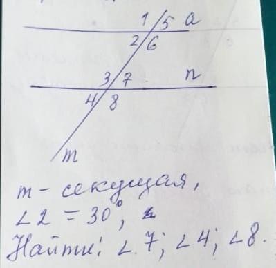 Объяснение: Кут 7=30, кут 4=30, кут 8=150
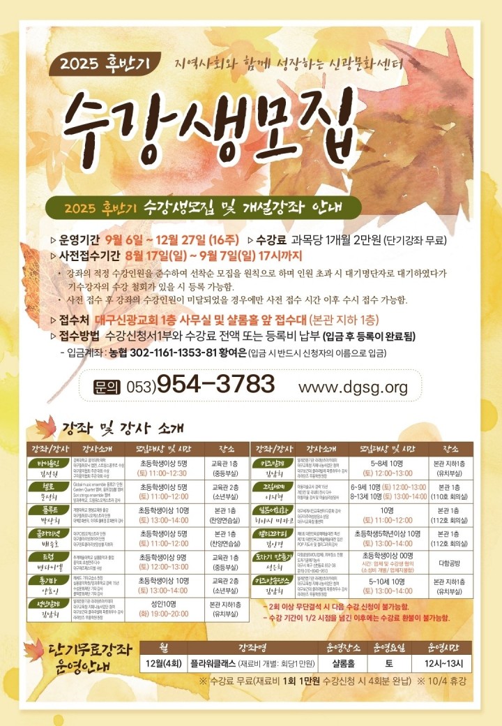 ∙Á¢¼ö¹æ¹ý : ¼ö°½Åû¼ 1ºÎ¿Í Çб⺰ ¼ö°·á Àü¾× ¶Ç´Â µî·Ïºñ ³³ºÎ(´ë±¸½Å±¤±³È¸ »ç¹«½Ç ¹× ¼£·ÒȦ Á¢¼ö´ë ½Åû)
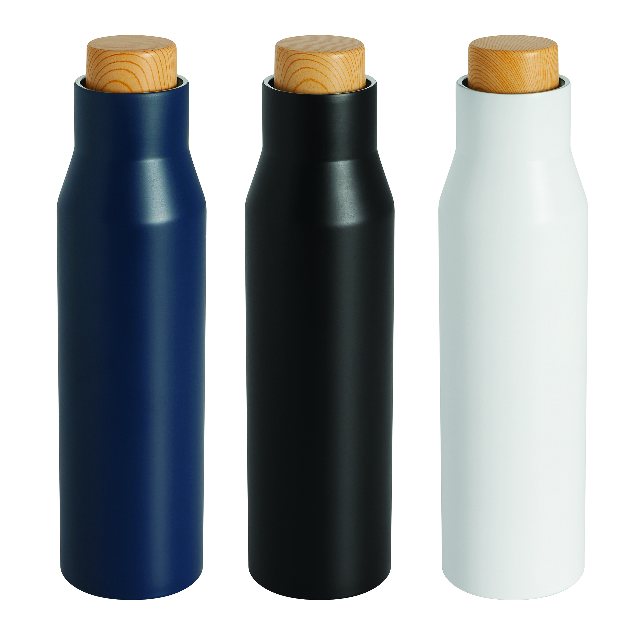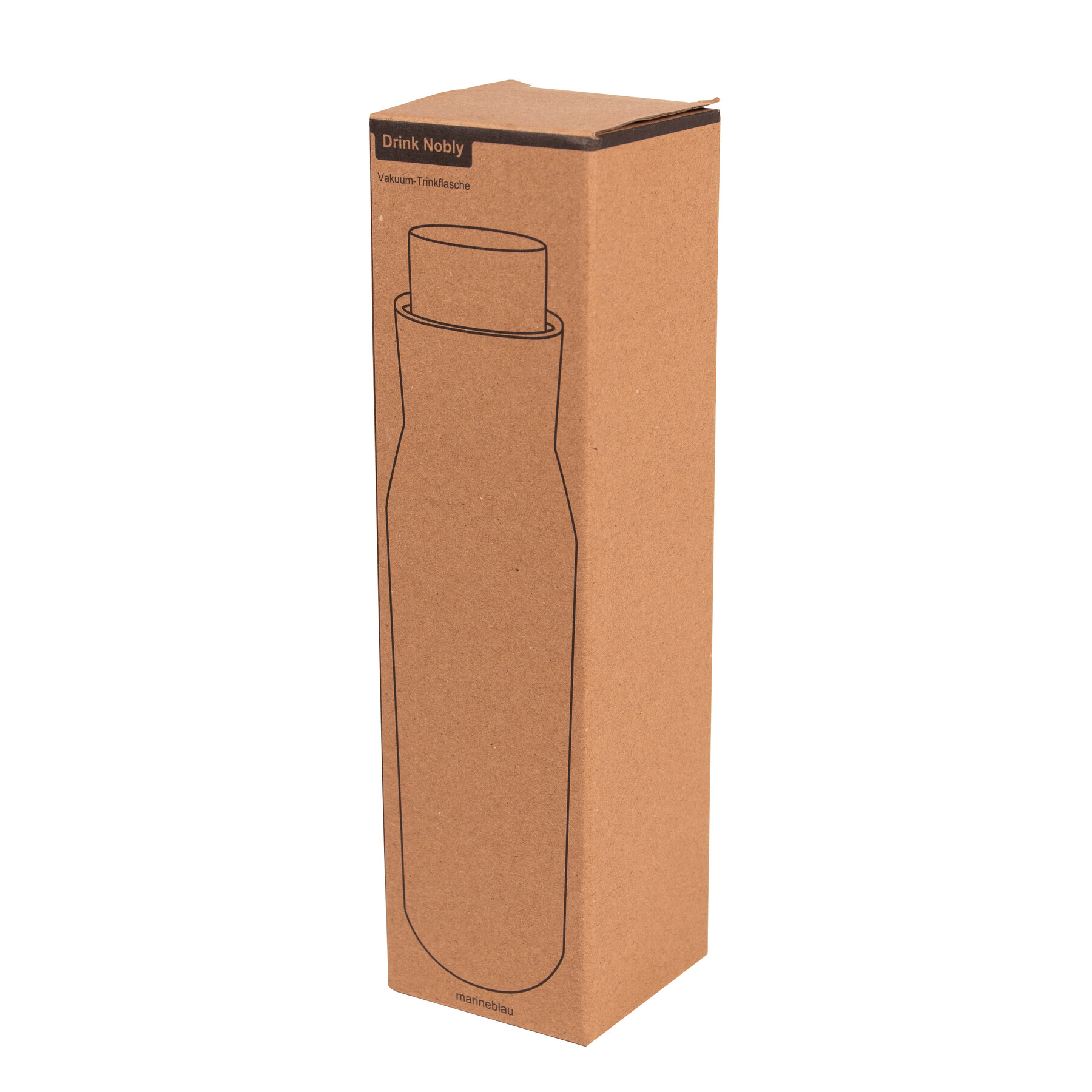 Próżniowa butelka do picia DRINK NOBLY. Z podwójną izolacją – na zewnątrz i wewnątrz wykonana jest ze stali nierdzewnej. Zakrętka zrobiona jest z imitacji bambusa z dodatkowym silikonowym pierścieniem uszczelniającym. Pojemność butelki to ok. 500 ml.

·····

What you need to do - Take the listing above and retype it exactly. Its pictures are to be omitted.

Answer section -
 Объяснение: Кут 7=30, кут 4=30, кут 8=150
 ∙Á¢¼ö¹æ¹ý : ¼ö°½Åû¼ 1ºÎ¿Í Çб⺰ ¼ö°·á Àü¾× ¶Ç´Â µî·Ïºñ ³³ºÎ(´ë±¸½Å±¤±³È¸ »ç¹«½Ç ¹× ¼£·ÒȦ Á¢¼ö´ë ½Åû)
 Próżniowa butelka do picia DRINK NOBLY. Z podwójną izolacją – na zewnątrz i wewnątrz wykonana jest ze stali nierdzewnej. Zakrętka zrobiona jest z imitacji bambusa z dodatkowym silikonowym pierścieniem uszczelniającym. Pojemność butelki to ok. 500 ml.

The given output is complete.